- Josip Novakovich
- Véhicule Press
In 2010, Philip Pullman criticized the prevalence of present-tense narration among the novels on the Man Booker Prize shortlist, claiming, "It's a silly affectation, in my view, and it does nothing but annoy." In a follow-up editorial, he elucidated his dislike for the device, such as it is "always pressed up against the immediate" and mostly incapable of the reflection or reconsideration permitted by storytelling that operates in "was" rather than "is."
Five years later, the Canadian writer Josip Novakovich echoed Pullman's opinion: "Present action," he claimed in a recent interview, "is unformed, and frequently that is how the writing these days appears to be, unformed and unplotted and unconsidered and untold." In short fiction, in particular, the tense is often paired with a first-person perspective, so that stories operate not just under the auspices of immediacy, but intimacy, too.
The result is a body of literature preoccupied with the subjective "now" and its attendant minor crises; the past, if it appears, is expressed in emotional inheritance ("A dog bit my grandma, now I struggle to love") and rarely with much semblance of cultural or historical scope. Conflict, as such, occurs existentially, rendered in domestic minutiae and attendant lyrical epiphanies. ("I adopt a puppy, now I can love again," et cetera.) These stories never really end, but merely angle off toward some new, restorative beginning.
Of course these are generalizations, and there are plenty of writers working outside the Raymond Carver/Alice Munro tradition, but even so very little North American short fiction seems to acknowledge existence beyond the self. Even the social satire of George Saunders, for example, focuses the effects of neo-liberalism upon the psyche. As such, the short story might be the narrative form most symptomatic of today's culture of individualism and ahistoricity, particularly those entries that adopt the illusorily immortal mode, "I am."
As such, it's refreshing to encounter an author whose work engages with the world beyond the solipsistic purview of selfhood, and which treats mortality in a serious way. Novakovich, a professor of creative writing at Concordia University, was a finalist for the 2013 Man Booker International Prize, an award previously won by Alice Munro and Philip Roth. Despite his high regard outside Canada, the Croatian-born writer's previous 10 books have been less widely read in his adopted home country than his global reputation might suggest.
Perhaps Ex-Yu might change that. The stories, set mostly in the former Yugoslavia and informed by various periods of national catastrophe throughout the 20th century, display considerable range, including a missive from a would-be Tito assassin, a cannibalistic episode on the high seas, the harrowing revelations of a calamitously naive UN translator, the romantic fumblings of a lovesick Nikola Tesla and the final moments of Slobodan Milosevic, imprisoned and impotent (in all ways).
The language here is mostly functional, treading through the book's various horrors with laconic detachment. One character recalls 9/11 in New York in terms of odours: "a mix of concrete dust, burnt plastic, the suggestion of flesh, human flesh, and perhaps burnt hair wafting through the windows." Elsewhere a bike ride through the Croatian countryside offers glimpses of life in ruins: "On the way he saw starved shaggy cattle roaming, masterless. Horses rotted in dried-up sunflower fields. Blind dogs stumbled into trees." The effect of these and similar passages is to enfold such devastation within the texture of everyday life. And yet, as the narrator of White Moustache explains, "Ugly can be beautiful if you look at it long enough," and occasionally the stories soar out of the ruins.

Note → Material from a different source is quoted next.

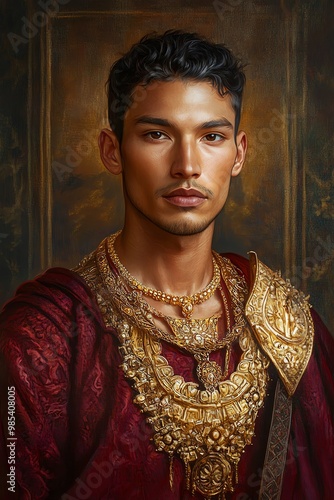 portrait, figure, attire, regal, ornate, man, jewellery, tradition, culture, art, beauty, imperial, majestic, showcase, gallery, masterpiece, ornamented, ancient, crimson, display, formally, stature, ruler, ethnic, majesty, allure, royals, realism, scepter, canvas, gold, history, power, artwork, fashion, heritage, costume, detail, design, aesthetic, craftsmanship, ornament, elegance, artist, symbol, flow, expression, dignity, clothing

In the collection's most moving entry, Be Patient, a father suffers alongside his ailing daughter after a botched inoculation; before she falls ill, Nenad summons the small girl to entertain the family: "Lyerka, dressed in white, glowed. She could pick a few melodies [and] stood in her tiny clogs next to the piano, dancing slowly while choosing the keys." That her loveliness is ironized with melancholy and dread only heightens the image's potency.
Much of the book works in similar contrast, from the clash of cultures in Dutch Treat, in which a former UN soldier, Martin, is confronted by Esad, an escapee of the Srebrenica massacre, to Novakovich's keen and dark sense of humour, best evidenced in When the Saints Come, in which a cancer sufferer loses his religion after being driven from the Dome of the Rock by the stink of feet. Alongside questions of faith, the book explores the tension between past and present – particularly in relation to tragedy. "When you have something that big in your past, you don't think about the future," Esad tells Martin. "There's no future that won't contain the past."
Tellingly, the present tense appears in Ex-Yu only once, as a man awaiting a cousin's delivery of his inheritance catalogues the passing time. "2:15. Danko is not here yet. […] 3:00. That's an hour of tardiness. Is he coming? […] 4:33. I admit it … We don't exist in time but between time, a nothing sandwiched in dual infinities."
Jovan, who has quit smoking, spirals into such neuroses that he resorts to buying a cigarette – "the flavour of my memories," as he tells Danko. With each inhalation, Jovan senses that he is "ashes going to ashes": his story, like all stories, must end, and what happens now is merely the past yet to come.